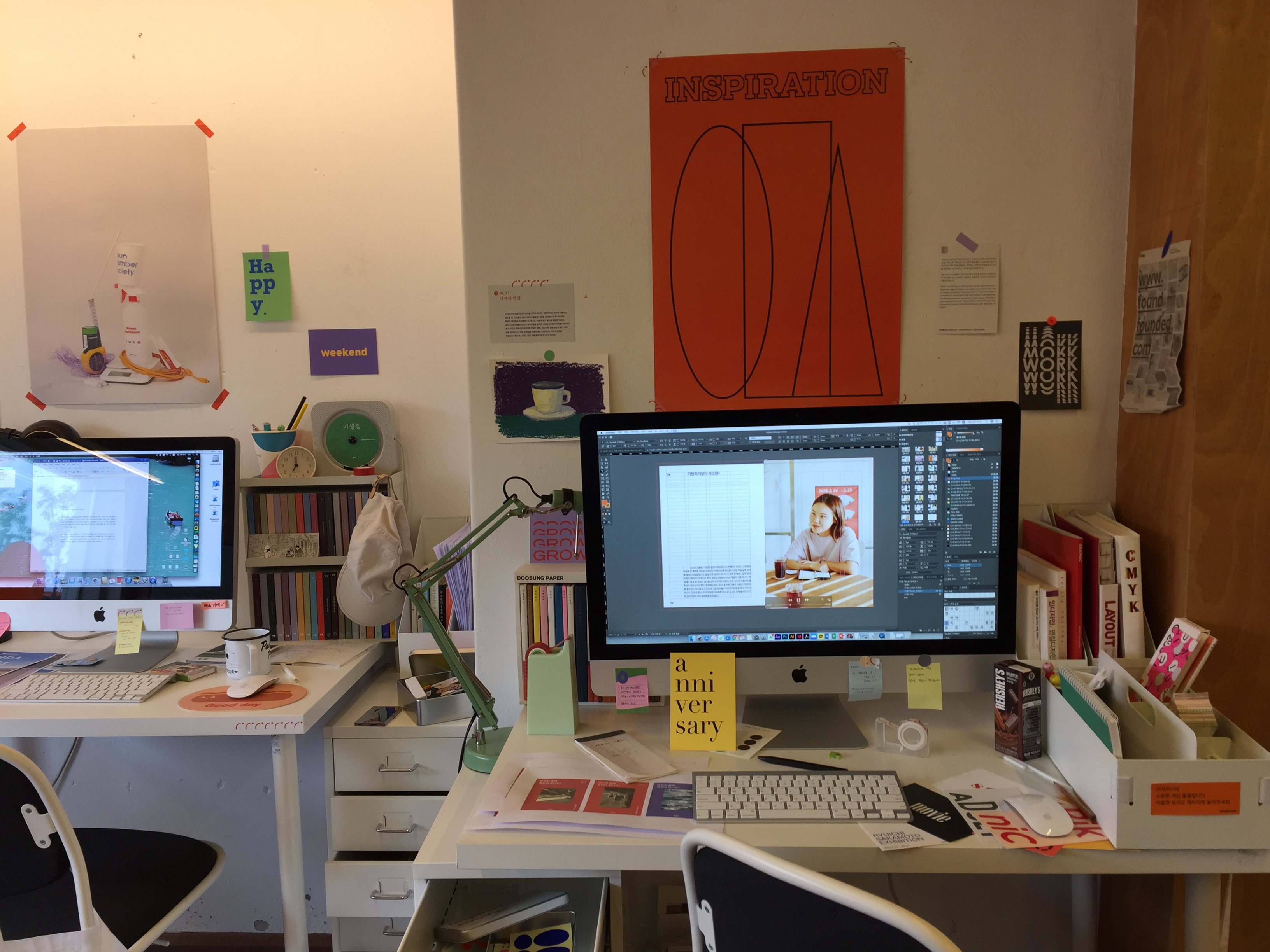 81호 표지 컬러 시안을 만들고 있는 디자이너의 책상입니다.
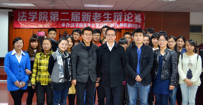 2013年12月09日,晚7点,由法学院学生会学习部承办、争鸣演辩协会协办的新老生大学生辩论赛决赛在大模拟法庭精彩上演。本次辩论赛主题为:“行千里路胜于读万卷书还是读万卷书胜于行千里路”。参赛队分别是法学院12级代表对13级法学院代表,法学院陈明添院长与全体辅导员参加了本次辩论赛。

--

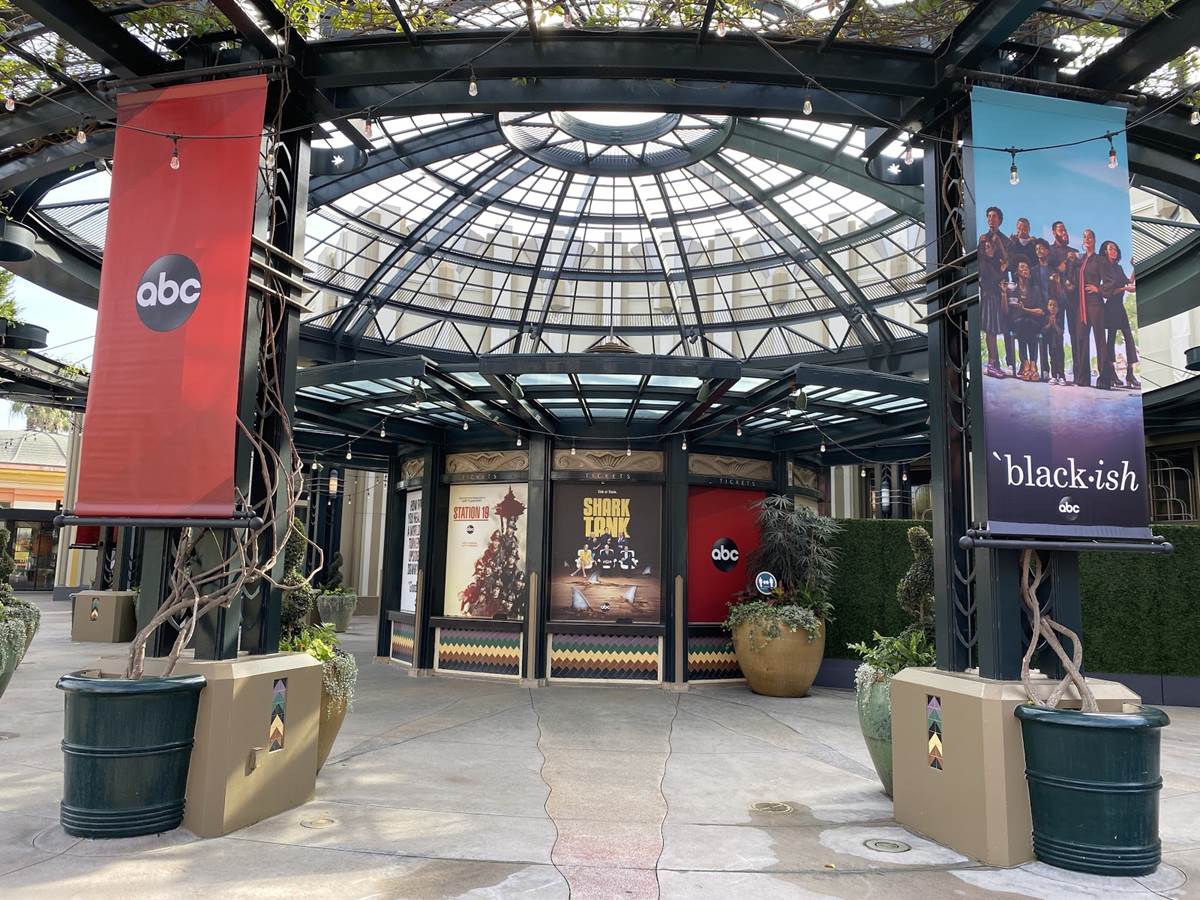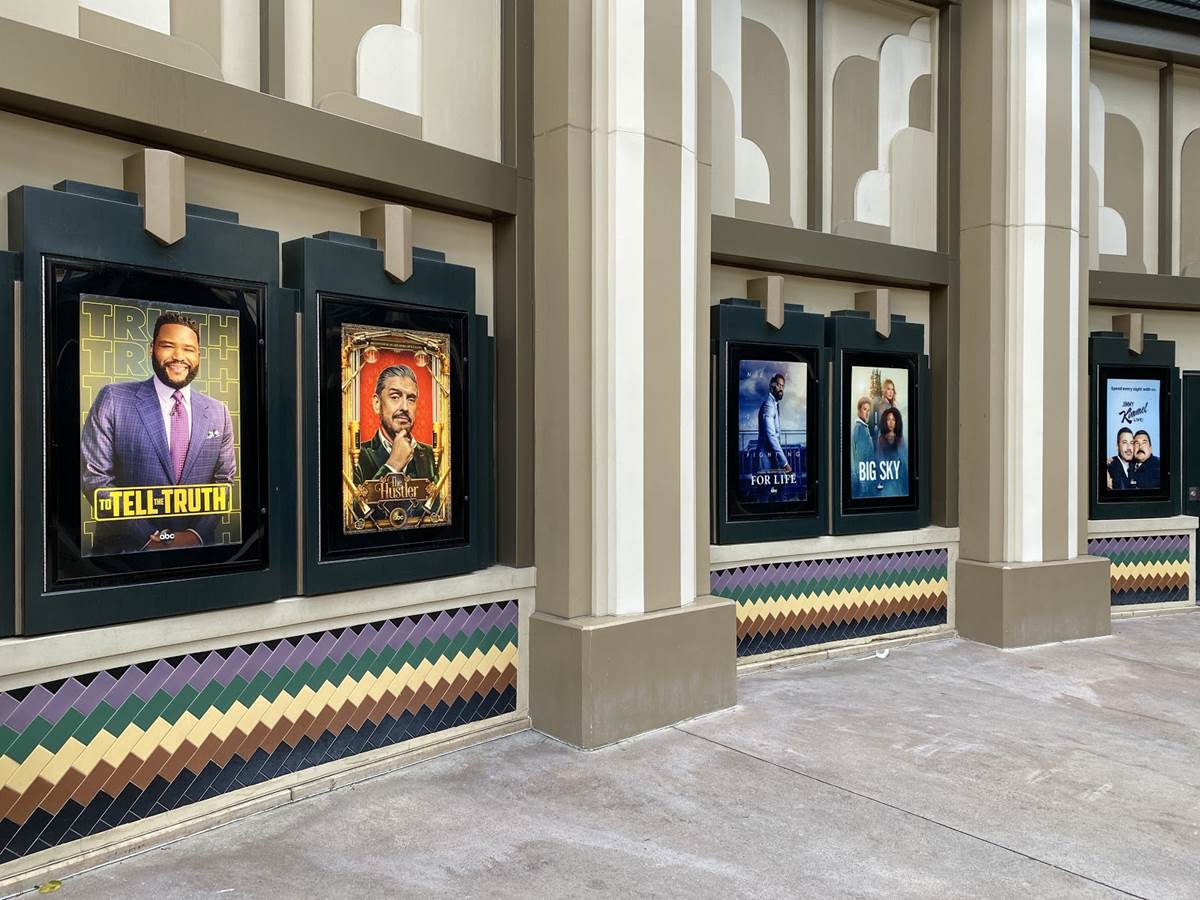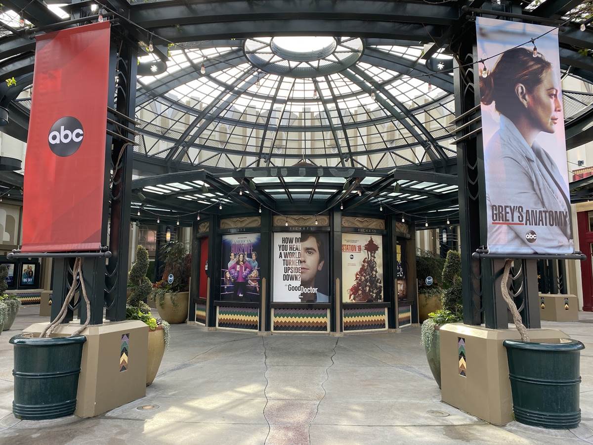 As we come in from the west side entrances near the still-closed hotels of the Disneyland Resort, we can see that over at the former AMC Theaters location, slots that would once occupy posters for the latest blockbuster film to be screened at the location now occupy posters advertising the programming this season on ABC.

## Task
Starting with the line above that holds "81호 표지 컬러 시안을 만들고 있는 디자이너의 책상입니다.", restate each line word for word up to and including the line that holds "2013年12月09日,晚7". Drop the pictures.

## Reply to the exercise
 81호 표지 컬러 시안을 만들고 있는 디자이너의 책상입니다.
 2013年12月09日,晚7点,由法学院学生会学习部承办、争鸣演辩协会协办的新老生大学生辩论赛决赛在大模拟法庭精彩上演。本次辩论赛主题为:“行千里路胜于读万卷书还是读万卷书胜于行千里路”。参赛队分别是法学院12级代表对13级法学院代表,法学院陈明添院长与全体辅导员参加了本次辩论赛。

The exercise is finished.